6 foot cable around the tube and frame, thru the bailing holes in the floor and locked to the trailer. What I can't figure out how to do is lock the oars...


----------



## paor (Apr 21, 2008)

MNichols said:


> 6 foot cable around the tube and frame, thru the bailing holes in the floor and locked to the trailer. What I can't figure out how to do is lock the oars...


That’s basically what I was thinking. I’m hoping we can take the oars inside our rental. If I take off the blades, they should fit in the truck bed. I have seen thin/flat bike locks at some shops. That could possibly work for the oars. I doubt you can get them super tight, but that might at least make someone pass on trying to swipe them.









LITELOK® GOLD ORIGINAL


Litelok Gold is the world’s lightest, flexible Sold Secure Gold bike lock. It can withstand sustained attack from common theft tools to the highest level, including attacks using bolt cutters, crowbars and hacksaws. Rated Sold Secure Gold.




loctote.com


----------



## paor (Apr 21, 2008)

2tomcat2 said:


> Unfortunately, we will be doing the same in mid May on our way to John Day....

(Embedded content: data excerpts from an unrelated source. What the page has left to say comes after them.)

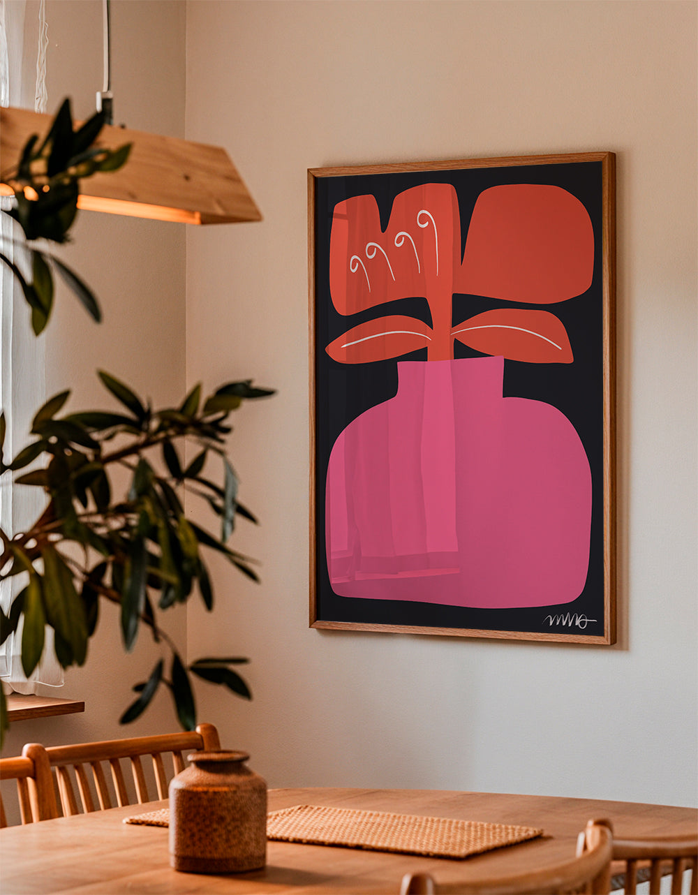 Una stampa della collezione quadri di fiori e piante, originale di Vaanzaal, dalle sfumature rossi, e nel formato verticale. I quadri con illustrazioni danno un tocco di originalità all'home decor della tua abitazione. Arte e design allo stato puro.
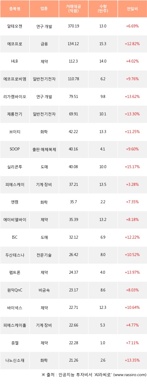 이날 기관 투자자가 순매수한 종목들 중에 알테오젠, 에코프로, HLB 등은 전일 대비 주가가 상승했다.
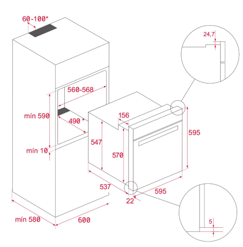 Profundidade do produto (mm): 537+22
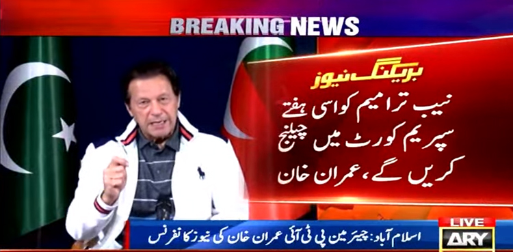 اسلام آباد میں نیوز کانفرنس کرتے ہوئے چیئرمین تحریک انصاف عمران خان نے کہا کہ نیب ترامیم کو سپریم کورٹ میں چیلنج کرنے کا فیصلہ کیا ہے، نیب ترامیم کو اسی ہفتے سپریم کورٹ میں چیلنج کیا جائے گا، 26 سال پہلے کہا تھا جس قوم میں کرپشن ہو وہ ترقی نہیں کرسکتی۔

I live in Bend if you want to store some gear. I don’t have extra inside space for a trailer though.


----------



## cnalder (Jul 7, 2016)

Don’t believe you are safe with cable locks. It only takes a few seconds to cut through a cable or lock. If someone has the intent to steal they will likely get it. I trave a lot with expensive mtn bikes, I have 3 different locks I use but am always nervous at hotels as it takes no time to cut them. I do always try to find a lighted area with security cameras to park boats or bikes near. Good luck.


----------



## 2tomcat2 (May 27, 2012)

paor said:


> I live in Bend if you want to store some gear. I don’t have extra inside space for a trailer though.

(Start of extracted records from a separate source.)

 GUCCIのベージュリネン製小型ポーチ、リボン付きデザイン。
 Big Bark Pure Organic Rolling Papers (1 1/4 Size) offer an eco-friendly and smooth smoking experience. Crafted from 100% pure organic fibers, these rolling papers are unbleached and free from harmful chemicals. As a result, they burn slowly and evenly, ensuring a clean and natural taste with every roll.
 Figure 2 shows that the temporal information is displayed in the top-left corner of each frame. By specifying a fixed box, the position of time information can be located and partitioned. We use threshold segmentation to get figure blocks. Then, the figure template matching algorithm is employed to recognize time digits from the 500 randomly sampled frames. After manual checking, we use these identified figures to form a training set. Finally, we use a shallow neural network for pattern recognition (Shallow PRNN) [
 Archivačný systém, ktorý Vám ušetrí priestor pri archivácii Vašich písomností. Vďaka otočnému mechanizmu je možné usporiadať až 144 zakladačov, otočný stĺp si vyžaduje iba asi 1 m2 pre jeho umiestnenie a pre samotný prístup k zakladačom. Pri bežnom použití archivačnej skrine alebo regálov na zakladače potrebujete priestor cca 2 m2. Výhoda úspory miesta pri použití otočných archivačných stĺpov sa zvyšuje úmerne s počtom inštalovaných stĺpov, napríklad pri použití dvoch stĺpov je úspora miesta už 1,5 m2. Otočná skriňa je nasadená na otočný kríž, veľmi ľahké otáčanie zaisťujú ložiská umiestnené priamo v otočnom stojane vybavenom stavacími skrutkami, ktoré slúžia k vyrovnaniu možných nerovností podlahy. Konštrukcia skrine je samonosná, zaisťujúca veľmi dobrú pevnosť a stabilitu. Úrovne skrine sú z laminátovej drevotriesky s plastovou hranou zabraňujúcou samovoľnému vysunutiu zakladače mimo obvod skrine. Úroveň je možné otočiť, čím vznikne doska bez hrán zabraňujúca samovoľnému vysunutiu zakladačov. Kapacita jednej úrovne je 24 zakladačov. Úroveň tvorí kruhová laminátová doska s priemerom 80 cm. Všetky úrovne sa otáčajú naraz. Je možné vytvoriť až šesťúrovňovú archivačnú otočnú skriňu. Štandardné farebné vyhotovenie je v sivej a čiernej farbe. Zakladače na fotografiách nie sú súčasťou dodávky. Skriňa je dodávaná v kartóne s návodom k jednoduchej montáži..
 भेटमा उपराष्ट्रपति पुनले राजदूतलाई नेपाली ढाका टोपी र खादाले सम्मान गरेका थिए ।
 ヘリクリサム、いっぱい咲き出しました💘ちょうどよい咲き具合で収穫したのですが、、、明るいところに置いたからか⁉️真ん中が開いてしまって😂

That is so generous! We are coming from Pullman, WA (picking up an 80 year young friend), so won't be traveling that far south....thanks again for the offer, you have paid it forward


----------



## Norcalcoastie (Jan 4, 2019)

I know it’s a stretch, but I think a good raft cover helps. At least it makes me feel better. I’ve had good luck on long road trips and leaving the rig in a motel parking lots overnight. Outta sight, outta mind? I’ve got an ”Over it” cover. It has lots of solid eyelets, and stays on going down the highway.

Beyond that; break down, roll up, and store in a truck canopy or other closed space.


----------



## Johnzstz (Jun 3, 2019)

Talk to your insurance company, you would be amazed at the cheap cost to insure your trailer, raft and gear. I was worried about the same and decided to talk to my insurance company and the worry is over now.


----------



## MNichols (Nov 20, 2015)

Johnzstz said:


> Talk to your insurance company, you would be amazed at the cheap cost to insure your trailer, raft and gear. I was worried about the same and decided to talk to my insurance company and the worry is over now.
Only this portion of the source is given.